DM Monitoring
TIANJIN: Zhang Jiawang (a pseudonym), 73, survived a heart attack last month with a successful surgery and recently returned home with his thankful family.
Had the episode arrived three months earlier, the surgery would have put the family, which is already experiencing financial strains, deep in debt. To save Zhang, the hospital used five coronary stents. The tiny stents, with an average weight of only 0.03 grams, are the main form of intervention used to keep arteries open in the treatment of coronary heart disease.
They were once priced at about 13,000 yuan (about 2,000 U.S. dollars) each in China. Today they cost only 700 yuan on average.
The massive price slash ensued from the initial round of the Chinese government’s centralized procurement program for high-value medical consumables in November 2020. According to the National Organized Joint Procurement Office of Medical Precious Consumables located in Tianjin, since Jan. 1, 2021, the discounted price of coronary stents has been applied in 27 provincial-level administrations in the country. In Zhang’s case, the five stents cost him around 3,200 yuan, 93 percent cheaper than the cost prior to the implementation of the new program. The whole surgery cost the family less than 50,000 yuan, less than half of what it used to cost. “It’s a great burden off the family’s shoulders,” said Hai Tang (a pseudonym), Zhang’s daughter-in-law. “We’re living in a good time.” According to a report published by the National Center for Cardiovascular Diseases in September last year, the number of cardiovascular patients in China was estimated to stand at 330 million. From 2009 to 2019, the number of operations for coronary heart disease in China increased from 230,000 to more than 1 million a year.
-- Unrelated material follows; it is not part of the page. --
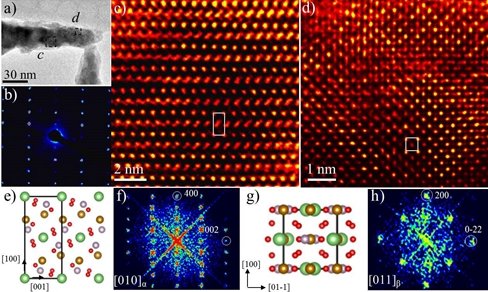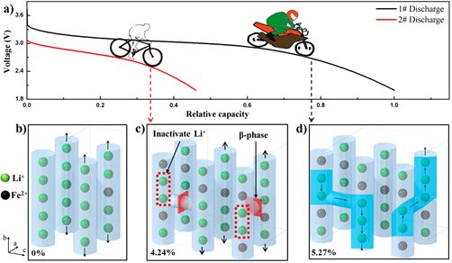 北京大学深圳研究生院新材料学院潘锋教授课题组最近在LiMn1-xFexPO4材料的结构与性能研究取得重要进展。他们成功合成了两种高铁锂反位量的α-LiMn1-xFexPO4纳米材料(50纳米的颗粒),相近的反位程度却表现出了极大的电化学性能差异。通过和布鲁克海文国家实验室、德国于利希国家实验室、美国阿贡国家实验室等合作,课题组对两种材料的结构进行了深入分析,用高精度球差电子显微镜首次发现磷酸铁锰锂的第二相β-LiMn1-xFexPO4以量子点(2纳米左右)嵌在α-LiMn1-xFexPO4 50纳米颗粒中。研究发现性能好的材料其铁锂反位量高,产生了许多的缺陷位置,因为这些缺陷点打通了相邻的其他方向的传输,使得锂离子的传输从一维锂离子通道传输扩展成为三维通道传输,从而提高了该锂电池材料的充放电性能。如果α-LiMn1-xFexPO4材料存在第二相β-LiMn1-xFexPO4以量子点嵌入形成套嵌结构的纳米材料后,嵌入量子点将堵塞部分锂离子的三维通道传输,从而降低了锂离子在整个晶体的传输效率,影响了该锂电池材料的充放性能。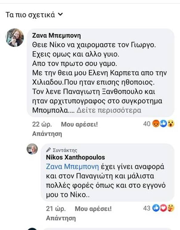 Ειδικότερα, ο Νίκος Ξανθόπουλος έγραψε «Χρόνια πολλά Γιώργο μου.. Πολύχρονος κι ευτυχισμένος να ‘σαι πάντα γιε μου. Να σε χαιρόμαστε που ‘σαι λεβέντης», με την ανιψιά του να σχολιάζει «Θείε Νίκο να χαιρόμαστε τον Γιώργο. Έχεις όμως και άλλο γιο. Από τον πρώτο σου γάμο με τη θεία μου, Ελένη Καρπέτα από την Χιλιαδου, που ήταν επίσης ηθοποιός. Τον λένε Παναγιώτη Ξανθόπουλο και ήταν αρχιτυπογράφος στο συγκρότημα Μπόμπολα. Σου έχει χαρίσει εγγόνια. Μήπως να το ανέφερες κάποτε; Το λέω με αγάπη».

An estimated 1.5 million coronary stents are used in China every year, which previously cost patients around 15 billion yuan collectively.
The bulk-buying program is part of government-led efforts to address inflated prices and other issues in the distribution of pricey medical supplies. The program circumvented intermediate links, such as middlemen and pharmaceutical sales representatives, to purchase the products directly from manufacturers, thus slashing the bloated price. “Through analyzing the cost and the financial reports of manufacturers, we find the price (about 700 yuan) is actually within a reasonable range,” said Zhong Dongbo, who heads the medical pricing and procurement department of the National Healthcare Security Administration.